"Esta central no será parte del Gobierno"

La Nación

De Gennaro niega fracturas internas.

Fuente: La Nación

Con 1.270.00 afiliados, la CTA creció representando no sólo a trabajadores del Estado sino del sector privado, a grupos de construcción barriales, experiencias cooperativas y empresas autogestionadas, y con presencia en empresas trasnacionales como Fate o Firestone, y en la representación de desocupados.

Su secretario general, Víctor De Gennaro, explica a LA NACION que en 10 años como central no se llegó a una fractura y no será la excepción la posible presentación de una lista que apoye al presidente Néstor Kirchner en las elecciones sindicales de septiembre. "La CTA no va a ser parte del Gobierno", manifestó.

-¿Se presentaría a un nuevo mandato como secretario general de la CTA?

-No tengo una decisión tomada. Dije, cuando ganamos las elecciones de la CTA, hace tres años, que mi deseo era que éste fuera mi último mandato como secretario general, lo que no significa que no siga participando ni ocupando otro cargo de responsabilidad que me confieran los compañeros de la lista que represento. También creo que me tocó cumplir una etapa; que en este nuevo ciclo hay cientos de compañeros que son referencia para los trabajadores y para la sociedad en sus localidades y en sus provincias, y en condiciones de formar un equipo muy bueno, y que yo puedo aportar desde este cargo o de cualquier otro como militante. Y también, si los compañeros me proponen, voy a aceptar otro mandato, pero pienso que mejor sería dar un paso al costado.

-Si usted no integra una lista de unidad, ¿habrá ruptura?

-Siempre se presentaron listas distintas. La unidad en el proyecto de construcción de la CTA es la aprobación, en el congreso sindical que se realizó el 30 y 31 de marzo último en Mar del Plata, de un programa para los próximos tres años que ratifica a una central obrera autónoma de los partidos políticos y de los gobiernos. Que haya elección directa nos ayuda mucho, y aunque se eligen cargos ejecutivos el programa es colectivo y la unidad del conjunto está preservada. Es legítimo que se presenten distintas listas y no por eso significa una fractura. Y mejor, como el voto es voluntario, el que no quiere presentarse, no lo hace. Estamos en contra del unicato y del verticalismo, que sólo lo promueven el autoritarismo que quiere representar al conjunto sin discutir con el conjunto.

-Una de las listas que se presentaría considera que defender el proyecto de Kirchner es defender el proyecto de los trabajadores...

-Me sorprende que haya una lista definida. Todos tenemos derecho a presentarla porque somos una central con distintas visiones de sus integrantes. Pero una lista que represente a la mayoría de los trabajadores de la CTA no estaría subordinada a ninguna estructura.

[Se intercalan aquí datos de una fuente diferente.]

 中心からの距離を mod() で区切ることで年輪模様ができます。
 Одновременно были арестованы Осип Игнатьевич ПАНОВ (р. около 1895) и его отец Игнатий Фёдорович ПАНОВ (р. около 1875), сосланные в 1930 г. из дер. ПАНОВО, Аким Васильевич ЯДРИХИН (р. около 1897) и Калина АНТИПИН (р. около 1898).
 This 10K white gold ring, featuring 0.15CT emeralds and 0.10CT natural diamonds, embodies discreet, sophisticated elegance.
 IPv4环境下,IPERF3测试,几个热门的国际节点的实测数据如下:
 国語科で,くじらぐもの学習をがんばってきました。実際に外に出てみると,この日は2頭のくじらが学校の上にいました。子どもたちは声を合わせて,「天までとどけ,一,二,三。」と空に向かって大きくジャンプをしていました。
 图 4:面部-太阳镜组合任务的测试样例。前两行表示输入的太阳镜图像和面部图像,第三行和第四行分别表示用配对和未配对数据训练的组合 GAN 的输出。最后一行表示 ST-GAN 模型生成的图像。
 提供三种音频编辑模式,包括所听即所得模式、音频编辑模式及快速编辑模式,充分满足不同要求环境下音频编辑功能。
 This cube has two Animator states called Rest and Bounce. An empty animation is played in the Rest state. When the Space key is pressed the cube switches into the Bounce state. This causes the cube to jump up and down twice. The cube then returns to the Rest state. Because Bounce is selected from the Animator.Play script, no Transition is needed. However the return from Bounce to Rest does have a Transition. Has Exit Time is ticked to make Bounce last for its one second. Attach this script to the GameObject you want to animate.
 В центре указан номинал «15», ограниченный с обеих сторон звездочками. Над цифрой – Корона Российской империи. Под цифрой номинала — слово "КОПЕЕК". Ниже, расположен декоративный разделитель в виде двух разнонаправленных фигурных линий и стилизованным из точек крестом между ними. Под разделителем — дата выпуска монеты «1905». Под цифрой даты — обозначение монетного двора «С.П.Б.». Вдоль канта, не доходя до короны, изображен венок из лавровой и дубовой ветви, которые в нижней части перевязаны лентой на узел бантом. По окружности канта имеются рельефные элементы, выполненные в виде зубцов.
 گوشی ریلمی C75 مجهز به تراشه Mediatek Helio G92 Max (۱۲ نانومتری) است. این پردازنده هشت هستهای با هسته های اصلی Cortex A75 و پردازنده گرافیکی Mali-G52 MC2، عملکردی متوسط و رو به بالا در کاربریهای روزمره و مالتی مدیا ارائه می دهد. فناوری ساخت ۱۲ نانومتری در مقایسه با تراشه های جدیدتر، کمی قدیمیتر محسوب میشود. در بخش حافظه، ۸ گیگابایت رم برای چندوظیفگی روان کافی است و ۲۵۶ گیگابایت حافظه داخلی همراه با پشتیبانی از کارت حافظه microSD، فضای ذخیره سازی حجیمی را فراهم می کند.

Es posible que haya compañeros que tengan más expectativas sobre lo que es el kirchnerismo y otros que no, pero de allí a separarse por esas cuestiones es subestimar a los enemigos que existen en nuestro país, muy claramente identificados con el golpe militar de 1976, y que se siguen beneficiando con la gran concentración de la riqueza en pocas manos.

-¿Es perder autonomía reconocer logros de Kirchner?

-De ninguna manera, pero tampoco es ser oposición discutir que hay muchos chicos que se mueren de hambre por día. Hay que aprender a vivir en democracia. Ni el pueblo ni la CTA somos cero o cien.

-¿Sería una traición para la CTA apoyar el proyecto de Kirchner?

-La central no va a ser parte del Gobierno. Seguro que no. Y aquel que piense eso, no conoce a la CTA. Enfrentamos a Menem [Carlos] y tampoco nos aliamos con la Alianza, a pesar de las presiones. No nos equivocamos entonces. A los tres meses que ganó De la Rúa [Fernando], la CGT firmó con el Gobierno y la UIA la ley Banelco, mientras la CTA convocaba a una marcha en el Congreso.

-¿Y la lista que pierda se quedará dentro de la CTA?

-Estoy convencido de que cualquier compañero que participa en la construcción de la CTA lo hace para mejorar el conjunto. Los que están en la CTA son para mí inocentes hasta que se demuestre lo contrario. Los únicos que no tiene cabida en la CTA son los corruptos y los genocidas. Todos los demás tienen derecho a pensar de la manera que quieran.